My flows use KubernetesJobEnvironment and I specif...
# prefect-community
t
My flows use KubernetesJobEnvironment and I specify a custom job_spec, but I'm noticing that I need to manually delete the k8s job between flow runs or else subsequent runs will fail to create the k8s job due to the job already existing.
For instance, i have a job that loads google analytics data to snowflake, and here's the error it throws when I don't manually delete the k8s job:
Copy code
{
  "kind": "Status",
  "apiVersion": "v1",
  "metadata": {},
  "status": "Failure",
  "message": "jobs.batch \"load-google-analytics-data-to-snowflake\" already exists",
  "reason": "AlreadyExists",
  "details": {
    "name": "load-google-analytics-data-to-snowflake",
    "group": "batch",
    "kind": "jobs"
  },
  "code": 409
}
so every time I run the job, I do this:
Copy code
kubectl --namespace=prefect delete job load-google-analytics-data-to-snowflake
I assume that once I put this job into production and have it run on a schedule, it will immediately break?

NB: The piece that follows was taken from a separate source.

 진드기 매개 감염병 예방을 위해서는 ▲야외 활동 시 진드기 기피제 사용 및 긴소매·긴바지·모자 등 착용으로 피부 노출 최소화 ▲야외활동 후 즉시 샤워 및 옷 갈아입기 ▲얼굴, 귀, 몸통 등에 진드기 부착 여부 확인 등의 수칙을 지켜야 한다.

My main question is this: I must be missing something, right? How can I make the flow work without manual intervention?
Perhaps I just have to put a TTL directly in my job spec?
Copy code
spec:
  ttlSecondsAfterFinished: 60
...
n
Hi @Troy Sankey! The task library has a task that can help with this called
DeleteNamespacedJob
, and is something you can build into your flow so that it cleans up after itself with every run. You could also check that the job exists and remove it before trying to recreate. Otherwise, I think this is a problem with the KubernetesJobEnvironment that @josh is going to try to PR a fix for ASAP.
t
cool I'll take a look at
DeleteNamespacedJob
but I should clarify that this seems to happen at a layer before my first task can even run (i.e. my code to check if the job exist would be running inside the job), so I think checking for the existence of a job would not work.
n
Ah that's a good point! I'll let you know when that PR gets in which should fix this by appending a run ID to the job (so there should be no collisions)
t
thank you!
n
j
Jinx
n
😂 @josh is too fast
j
@Troy Sankey also noting here that in the meantime you could also use the kubernetes agent’s resource manager to clean up completed jobs 🙂 https://docs.prefect.io/orchestration/agents/kubernetes.html#resource-manager
t
holy crap, that was fast
thanks for the pointer! I have noticed that the "first" job that the prefect agent creates for a given flow run just lingers around, and since the job spec for those are completely hard-coded I can't add like a TTL to them.